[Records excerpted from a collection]
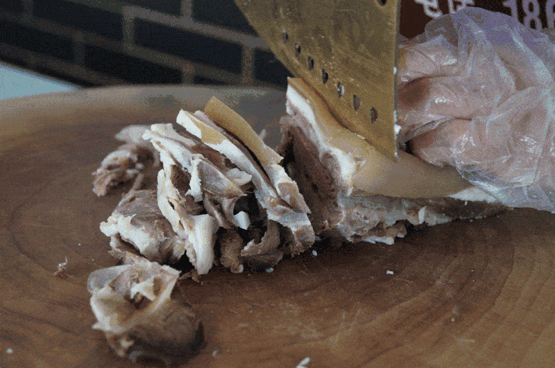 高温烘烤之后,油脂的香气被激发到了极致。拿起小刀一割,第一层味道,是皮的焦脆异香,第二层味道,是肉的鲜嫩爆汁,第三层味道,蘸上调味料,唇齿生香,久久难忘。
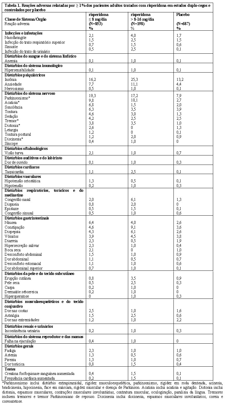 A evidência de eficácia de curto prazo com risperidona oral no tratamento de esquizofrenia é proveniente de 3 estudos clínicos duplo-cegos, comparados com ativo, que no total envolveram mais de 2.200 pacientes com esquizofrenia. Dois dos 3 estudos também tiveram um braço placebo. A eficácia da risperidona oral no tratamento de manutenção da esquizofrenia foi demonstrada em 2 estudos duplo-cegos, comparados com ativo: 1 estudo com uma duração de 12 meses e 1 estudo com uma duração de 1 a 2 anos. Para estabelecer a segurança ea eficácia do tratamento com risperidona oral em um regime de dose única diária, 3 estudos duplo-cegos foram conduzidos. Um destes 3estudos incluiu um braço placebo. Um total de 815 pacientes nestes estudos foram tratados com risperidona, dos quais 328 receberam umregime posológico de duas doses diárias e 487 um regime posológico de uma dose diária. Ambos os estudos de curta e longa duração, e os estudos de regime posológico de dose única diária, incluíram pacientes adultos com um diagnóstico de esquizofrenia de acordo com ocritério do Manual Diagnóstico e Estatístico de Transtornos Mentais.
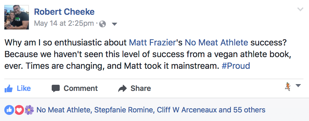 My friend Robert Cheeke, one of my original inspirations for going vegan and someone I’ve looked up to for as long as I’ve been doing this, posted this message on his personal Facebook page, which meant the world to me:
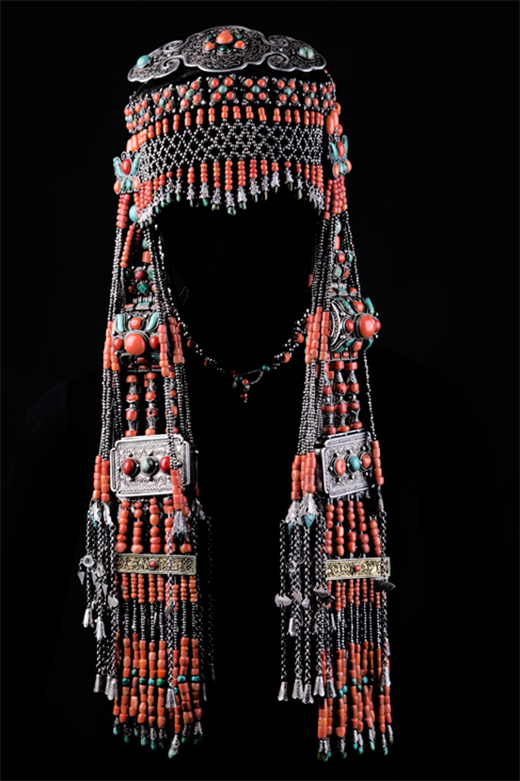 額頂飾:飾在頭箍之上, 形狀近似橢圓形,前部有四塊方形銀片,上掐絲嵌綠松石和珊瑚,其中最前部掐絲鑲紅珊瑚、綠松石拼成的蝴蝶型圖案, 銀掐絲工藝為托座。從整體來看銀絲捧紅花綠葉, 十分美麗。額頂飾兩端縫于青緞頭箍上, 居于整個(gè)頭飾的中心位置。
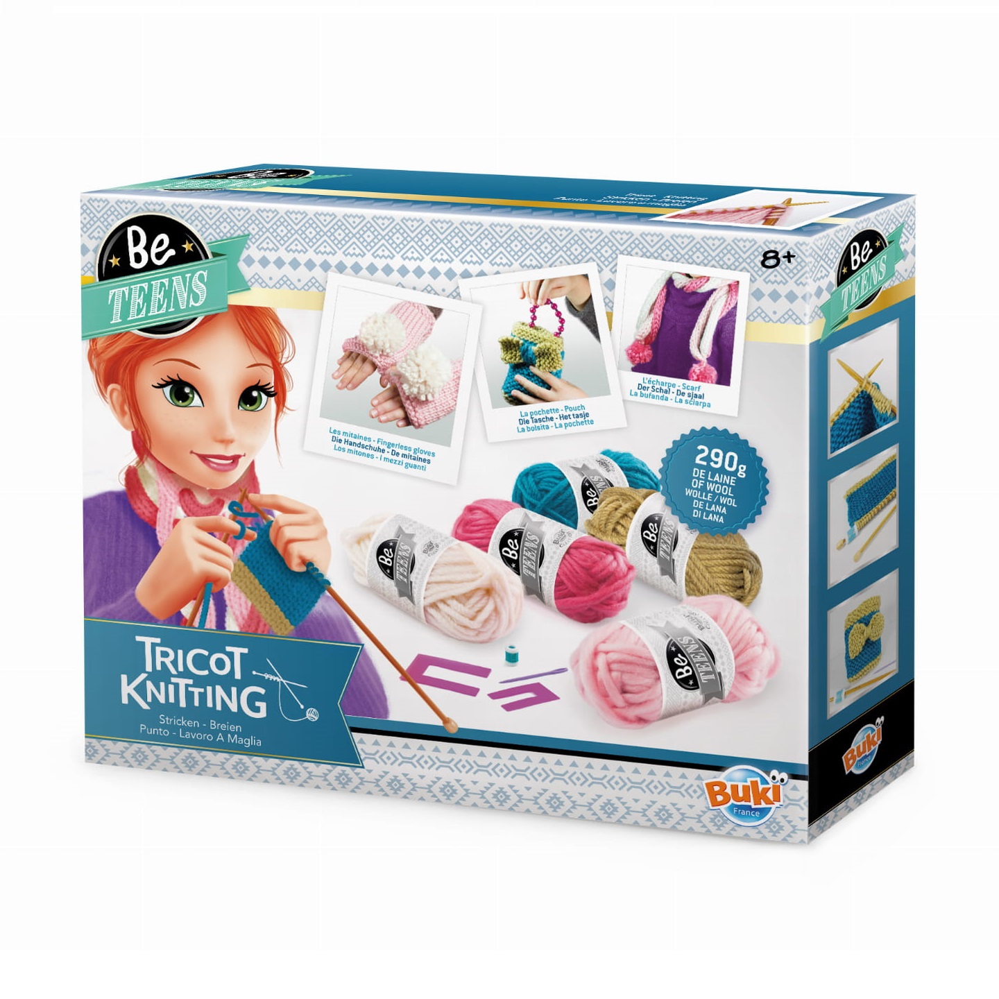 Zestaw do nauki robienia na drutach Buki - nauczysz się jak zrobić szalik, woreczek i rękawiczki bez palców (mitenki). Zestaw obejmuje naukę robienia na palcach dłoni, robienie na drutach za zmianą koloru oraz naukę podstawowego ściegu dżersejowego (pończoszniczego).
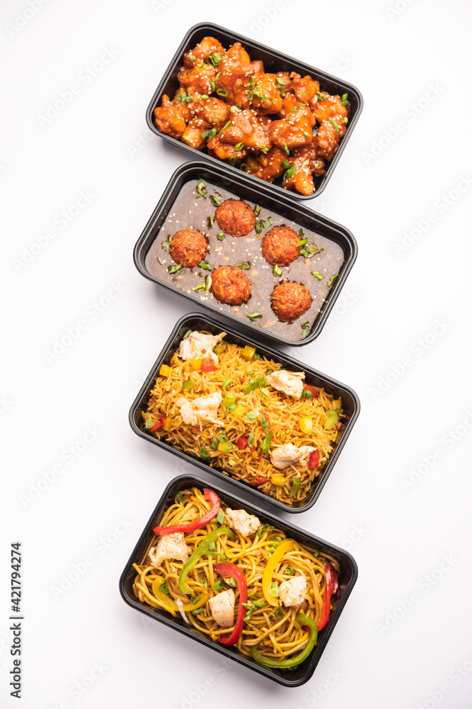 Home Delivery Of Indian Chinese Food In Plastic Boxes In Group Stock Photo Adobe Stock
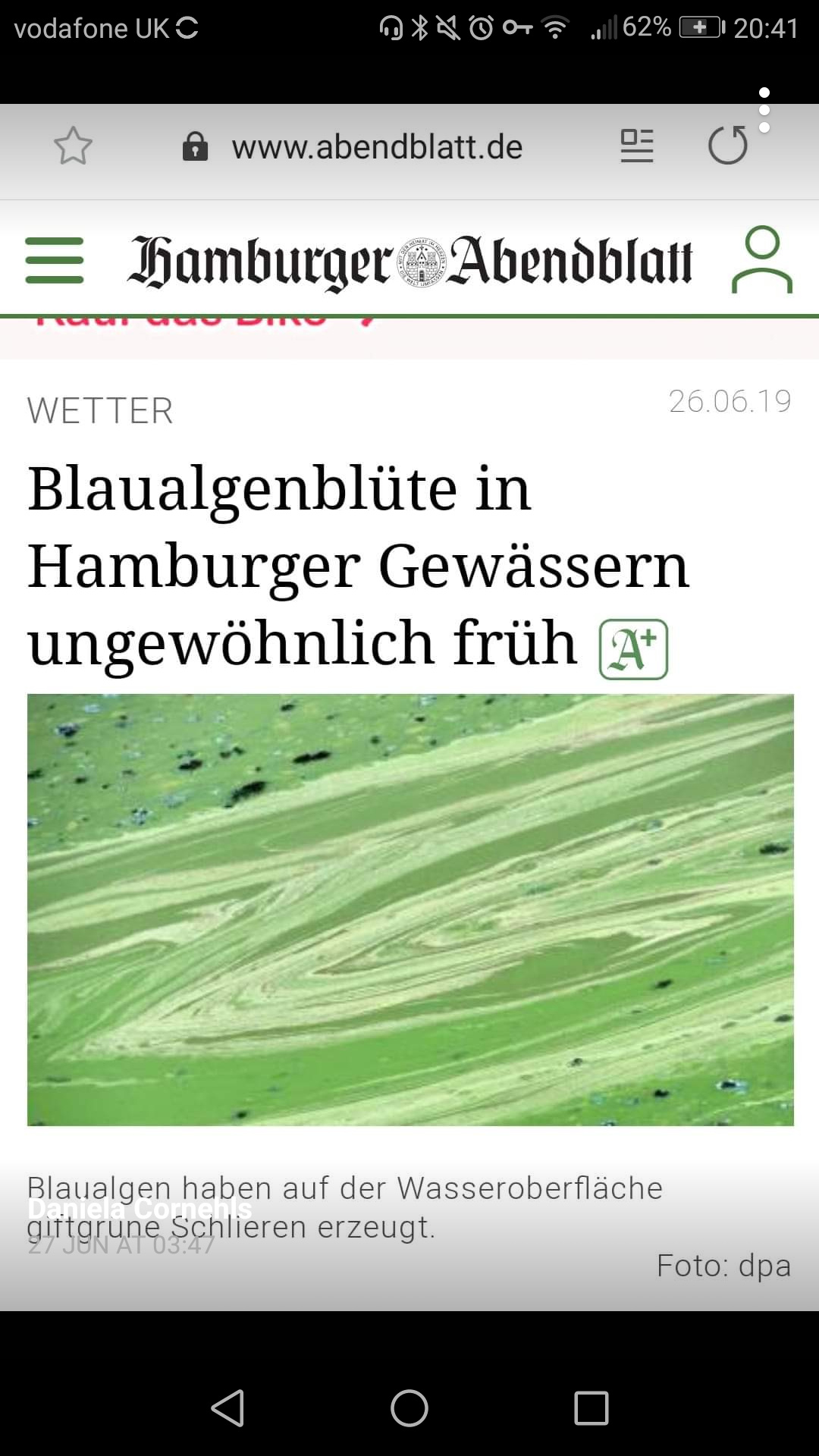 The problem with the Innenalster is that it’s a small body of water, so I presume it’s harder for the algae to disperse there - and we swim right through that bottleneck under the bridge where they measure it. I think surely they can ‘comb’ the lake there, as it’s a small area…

# Your instructions
In the entries above, find the line containing "Home Delivery Of"; transcribe exactly that line and every line after it through the end, and only those, omitting pictures.

# Answer to this task
 Home Delivery Of Indian Chinese Food In Plastic Boxes In Group Stock Photo Adobe Stock
 The problem with the Innenalster is that it’s a small body of water, so I presume it’s harder for the algae to disperse there - and we swim right through that bottleneck under the bridge where they measure it. I think surely they can ‘comb’ the lake there, as it’s a small area…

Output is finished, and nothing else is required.